**PROVIDED RECORDS**.
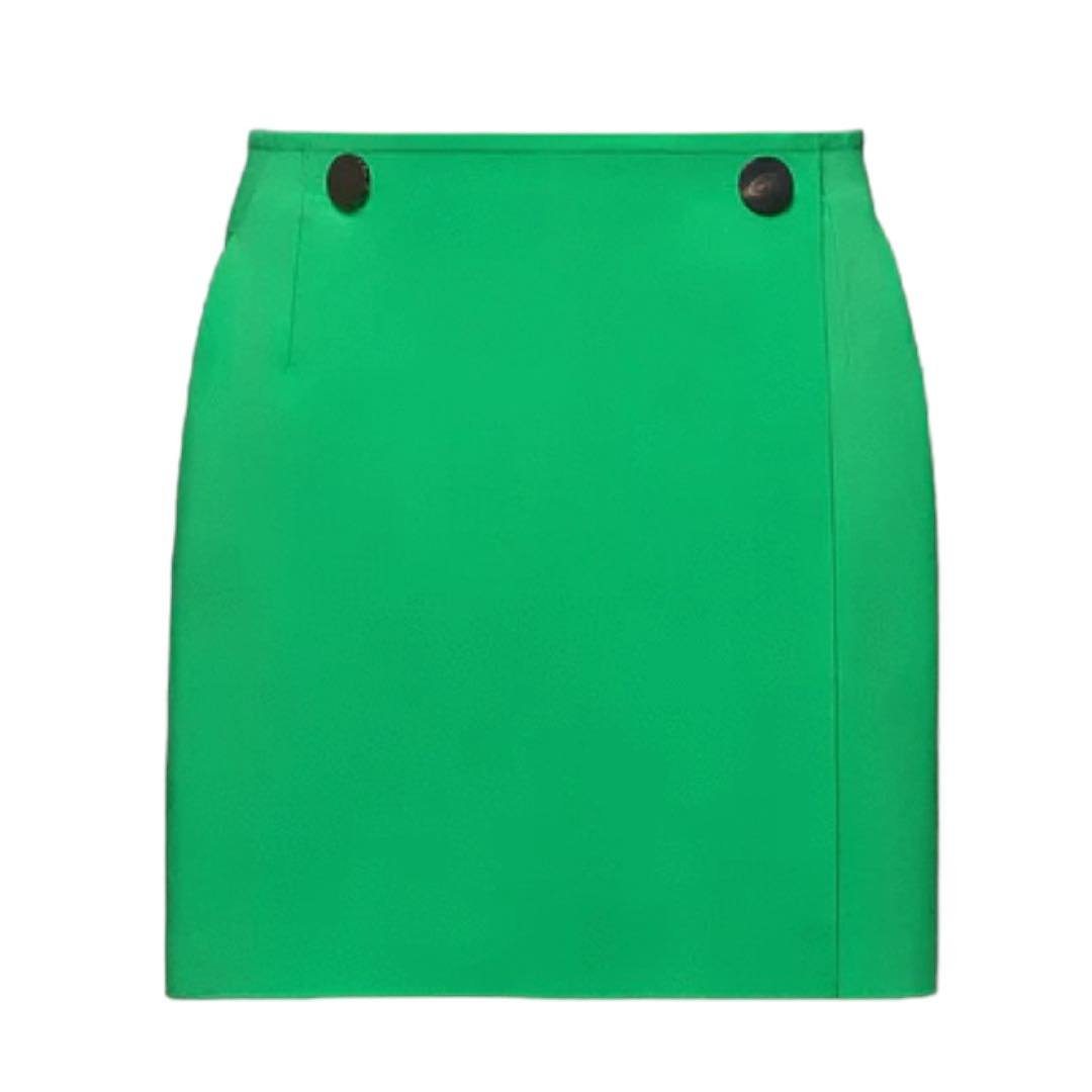 Il taglio essenziale della mini gonna a portafoglio mostra tutta la sua anima elegante.
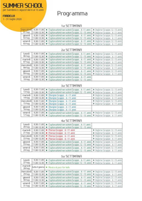 Il 1° Luglio si darà avvio alla Summer School 2020 per bambini e ragazzi nel Comune di Fardella, nel Parco Nazionale del Pollino, un progetto che l’amministrazione comunale ha inserito nel programma della strategia dell’area interna “Mercure Alto Sinni Val Sarmento” nell’ambito della programmazione dei fondi comunitari Fesr, Feasr e Fse 2014-2020.
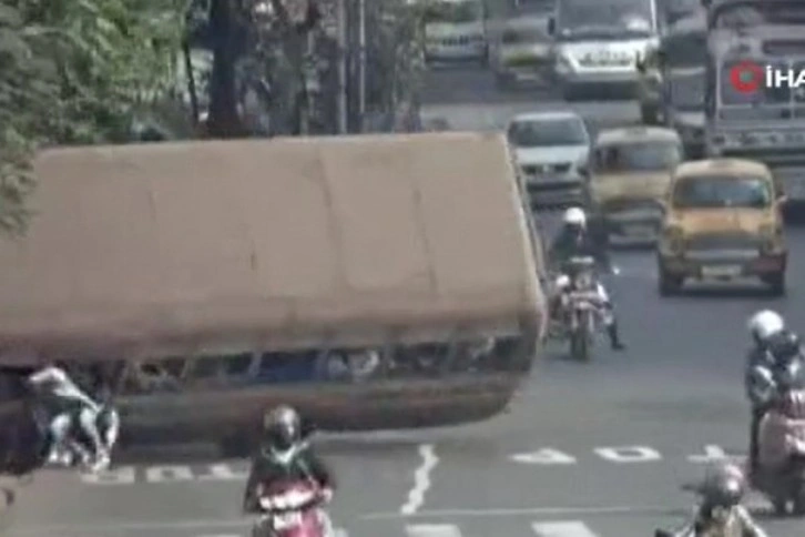 Hindistan'ın Batı Bengal eyaletine bağlı Kalküta kentinde seyir halindeki bir otobüsün lastiği patladı. Otobüs savrulduğu sırada camdan yere düşen bazı yolcular, devrilen otobüsün altında kaldı. Facianın eşiğinden dönülen olayda can kaybı yaşanmazken, yaşları 9 ila 17 arasında değişen 7'si çocuk toplam 27 kişi yaralandı. Otobüsün şoförü olay yerinden kaçarken, otobüste 50 kişi olduğu öğrenildi.
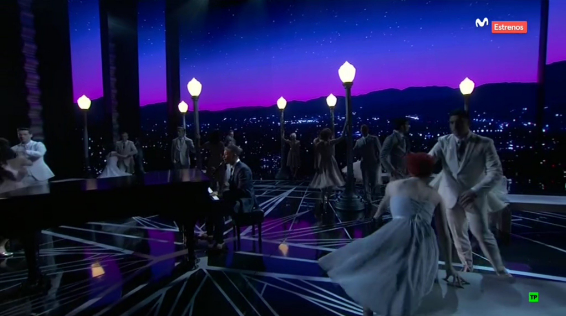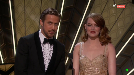 05:05h: Tras un vídeo con actores leyendo tweets en contra de ellos, Ryan Gosling y Emma Stone presentan a John Legend cantando las dos canciones de "La la land".
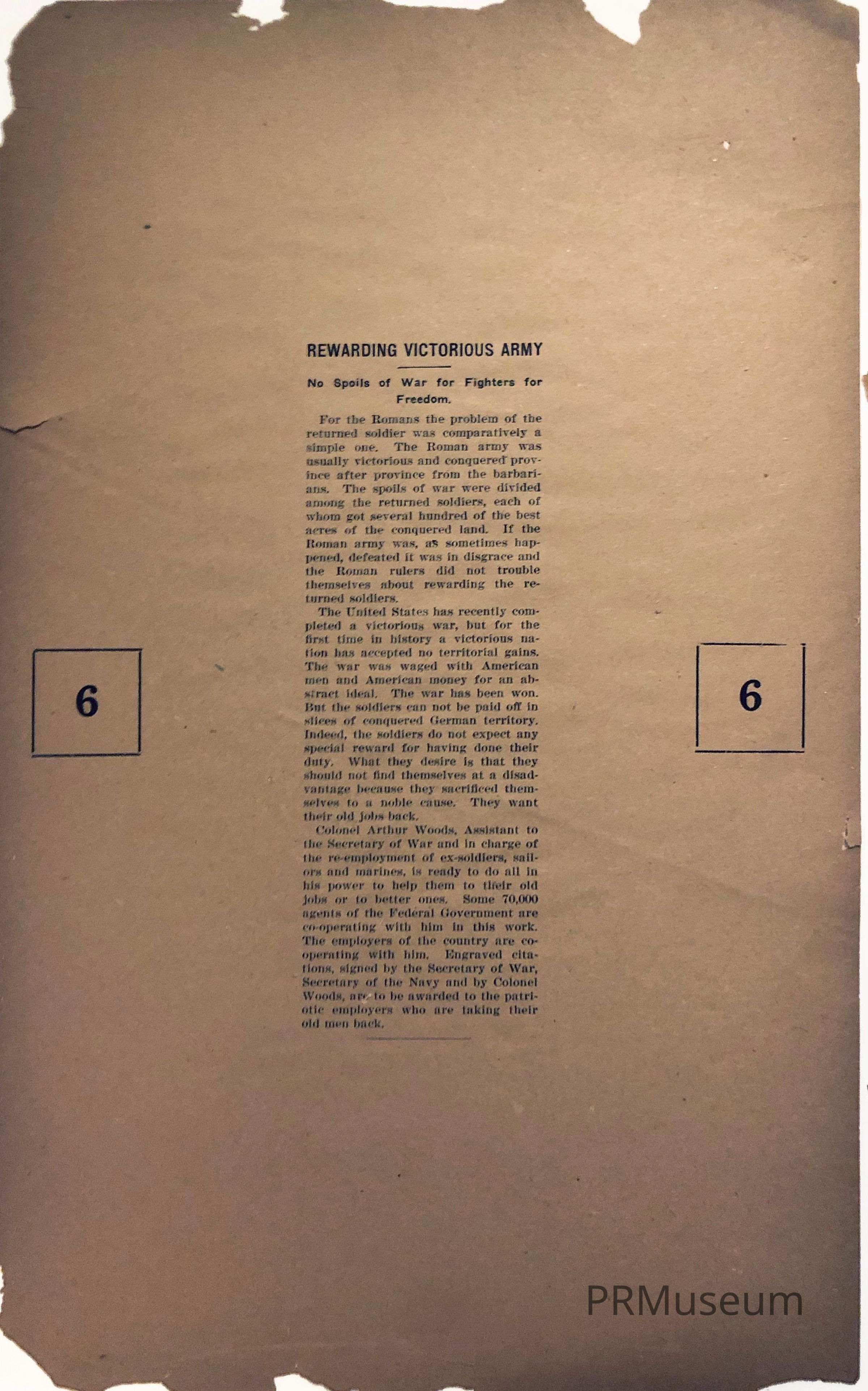WWI Mat #6 from the Office of Assistant to Secretary of War: Rewarding Victorious Army: No Spoils of War for Fighters for FreedomEntry/Object ID
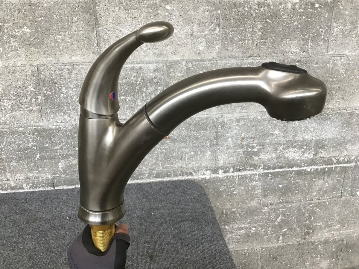 A typical kitchen faucet by Delta from their Cicero line with a stainless steel finish. Looks to be in good shape, just a little bit dated. Retailed new for about $315.
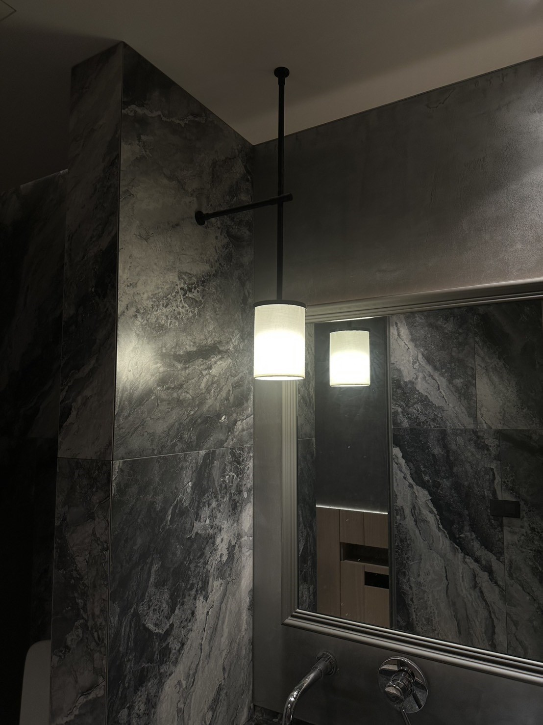 燈體外層是由鋼材鑄造,再經由防鏽處理和烤漆而成,內層是米白色TC布罩製作完成。
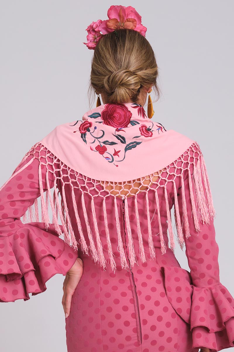 Mantoncillo bordado confeccionado en crepé con flecos al tono.
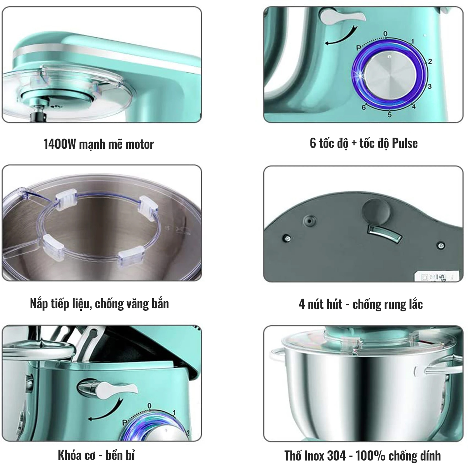 • Chất liệu: thép không gỉ• Công suất 2400W• Thể tích 5,5L• Tích hợp 10 cường độ trộn• Đầu xoay mạnh mẽ• Nắp đậy chống bắn bẩn• Đầu đánh tạo kem• Đầu nhào bột• Thương hiệu

**BRIEF**. The lines from the one containing "燈體外層是由鋼材鑄造,再經由防鏽處理和烤漆而成,內層是米白色TC布罩製作完成。" through the end of the data above are to be copied exactly, both ends included, and pictures are to be omitted.

**COMPLETED TASK**.
 燈體外層是由鋼材鑄造,再經由防鏽處理和烤漆而成,內層是米白色TC布罩製作完成。
 Mantoncillo bordado confeccionado en crepé con flecos al tono.
 • Chất liệu: thép không gỉ• Công suất 2400W• Thể tích 5,5L• Tích hợp 10 cường độ trộn• Đầu xoay mạnh mẽ• Nắp đậy chống bắn bẩn• Đầu đánh tạo kem• Đầu nhào bột• Thương hiệu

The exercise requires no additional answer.